[Records drawn from a dataset]
........

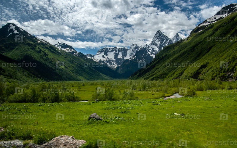 Долину с невысокими березками окружают лесистые горы и снежные скалы. Речка Кичи-Муруджу. Гоначхирское ущелье, Военно-Сухумская дорога, Карачаево-Черкессия, Россия.
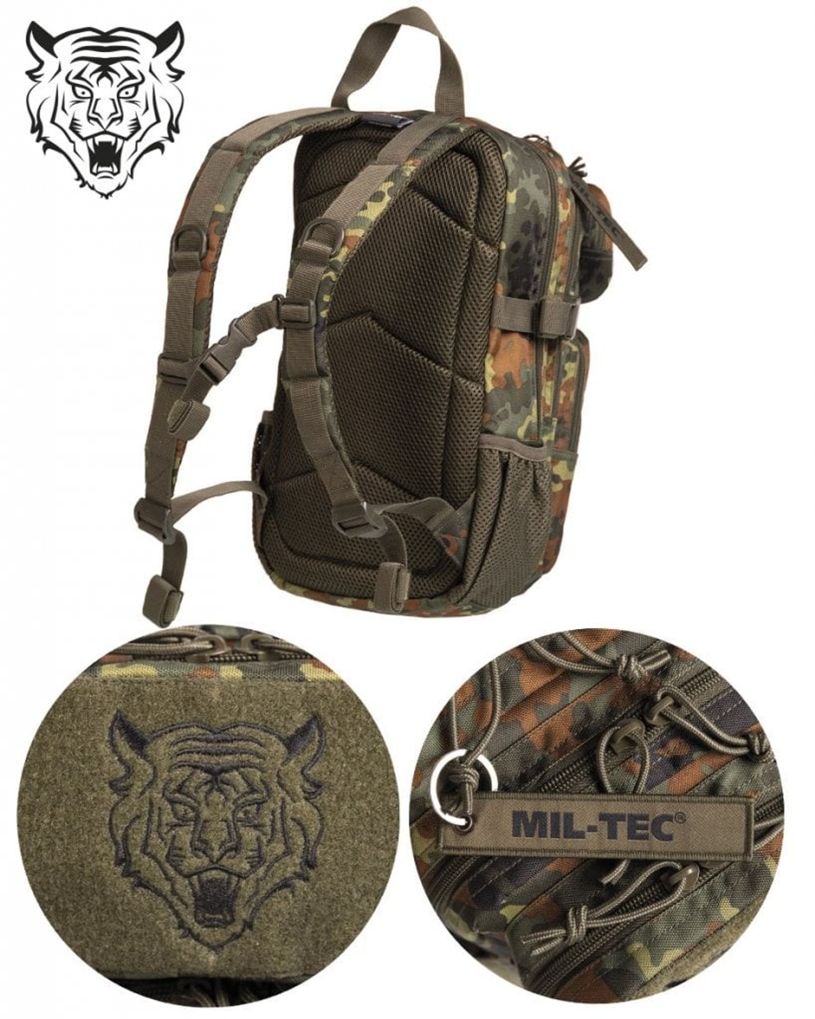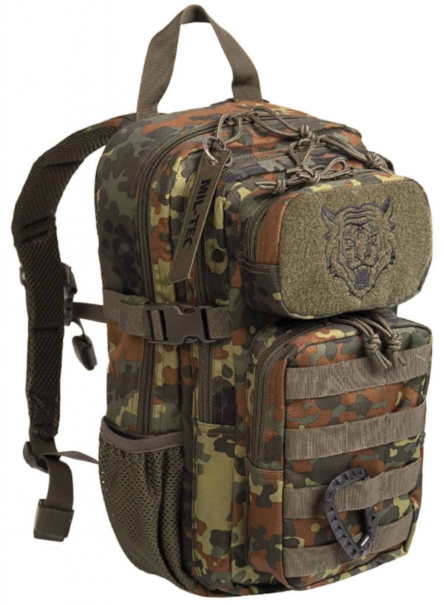 US Assault-ryggsäck i tyska kamouflaget flecktarn och i barnstorlek. Baksidan har en rejäl vaddering och med ett ventilerande nättyg. Axelremmarna är ergonomiska, vadderade och justerbara i längden. Axelremmarna är dessutom försedda med en bröstrem som stängs med klickspänne.
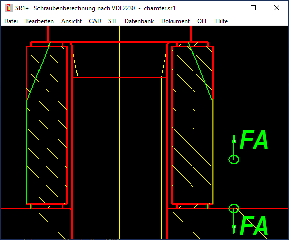 If a countersink or chamfer is to be taken into account for the calculation of surface pressure and elastic compliance, the clamp piece with countersink or chamfer is made into two cylindrical clamping plates: one with a countersink and one without. Or even three plates are created from one clamping plate if chamfers or countersinks are to be taken into account on both sides. Starting from a 45° chamfer, there is a new clamping plate with the height of the chamfer, the old clamping plate is reduced by the same height. With a 45° chamfer on the bore diameter, Di increases by 2 x chamfer height, with a 45° chamfer on the outside diameter, De decreases by 2 x chamfer height. This is now also possible automatically under "Edit\Clamping plates" "Chamfer, countersink".
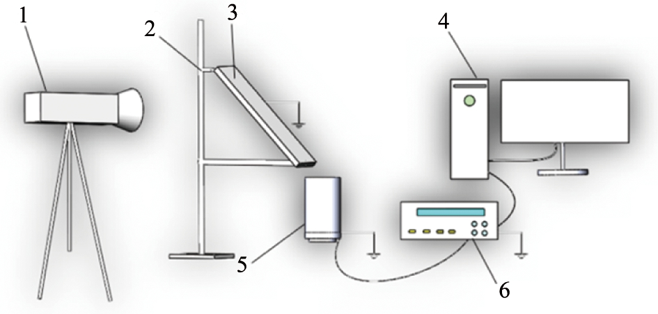 目前,采用颗粒沿倾斜金属滑板滑动是研究单颗粒静电带电特性的主要方法之一[15-16]。 图5是单颗粒滑动摩擦带电实验示意图,其中实验设备包括滑板3(不锈钢,300 mm×10 mm)、 法拉第杯5(日本ADVANTEST TR8031)、 静电计6(日本ADVANTEST R8252)和电子天平(德国Sartorius CPA26P-0CE)等。单颗粒滑动摩擦实验时,在如图3所示的4种PET颗粒(PET1—PET4)中各随机取样2粒(分别编号1#和2#)作为实验测试对象。用绝缘镊子夹取PET颗粒放在滑板上方(滑板倾斜角度为40°),颗粒在重力作用下滑入法拉第杯中,利用静电计测试颗粒电荷量,同一颗粒重复滑动实验10次,记录电荷量Q的最大值,其中测试环境温度为(22±2)℃,相对湿度为(21±3)%;颗粒荷质比(单位质量携带的静电量)通过颗粒电荷量Q与颗粒质量m比值获得。
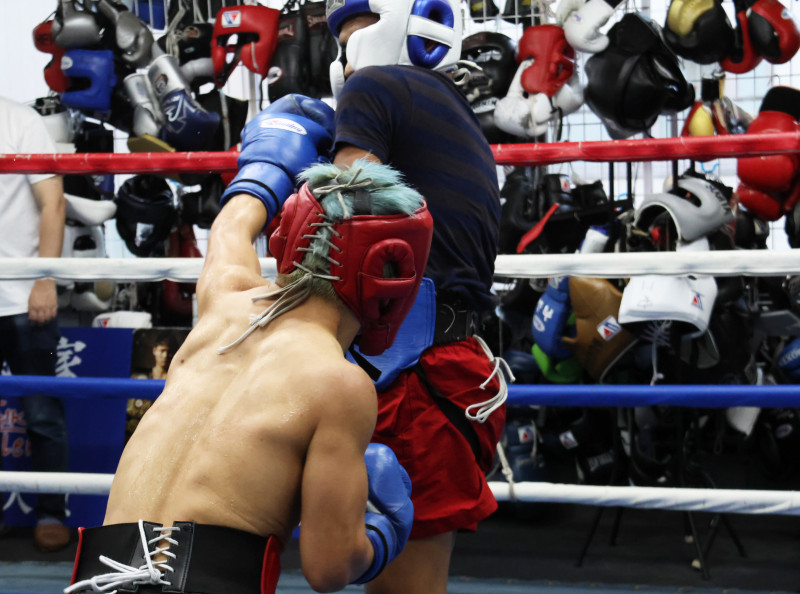 銀次朗(赤)が踏み込んでパンチを伸ばす
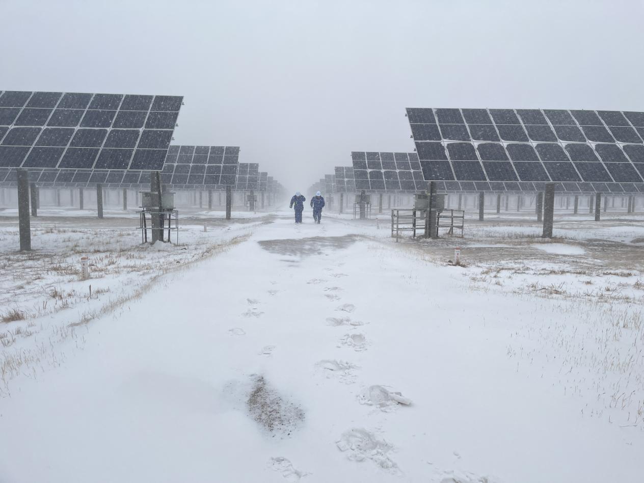 中國(guó)節(jié)能所屬太陽(yáng)能新疆區(qū)白城領(lǐng)跑者電站運(yùn)維人員冒雪巡檢線(xiàn)路
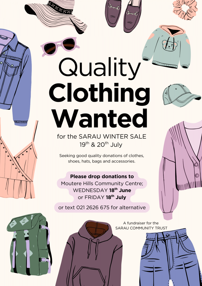 * Quality CLOTHING - drop off at the Moutere Hills Community Centre only on 18 June OR 18 July (or text 021.2626.675 for alternative)
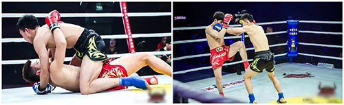 85公斤级别比赛,在双方激烈的拳脚对轰中,一名选手面部血流不止,医务人员现场为其紧急止血,确保了一场精彩对决的顺利进行。

........

* [EXERCISE REQUIREMENTS] Please set down only the lines from the first line of the records above through the line that has "US Assault-ryggsäck i", exactly, and not the pictures.

* [TASK RESPONSE]
 Долину с невысокими березками окружают лесистые горы и снежные скалы. Речка Кичи-Муруджу. Гоначхирское ущелье, Военно-Сухумская дорога, Карачаево-Черкессия, Россия.
 US Assault-ryggsäck i tyska kamouflaget flecktarn och i barnstorlek. Baksidan har en rejäl vaddering och med ett ventilerande nättyg. Axelremmarna är ergonomiska, vadderade och justerbara i längden. Axelremmarna är dessutom försedda med en bröstrem som stängs med klickspänne.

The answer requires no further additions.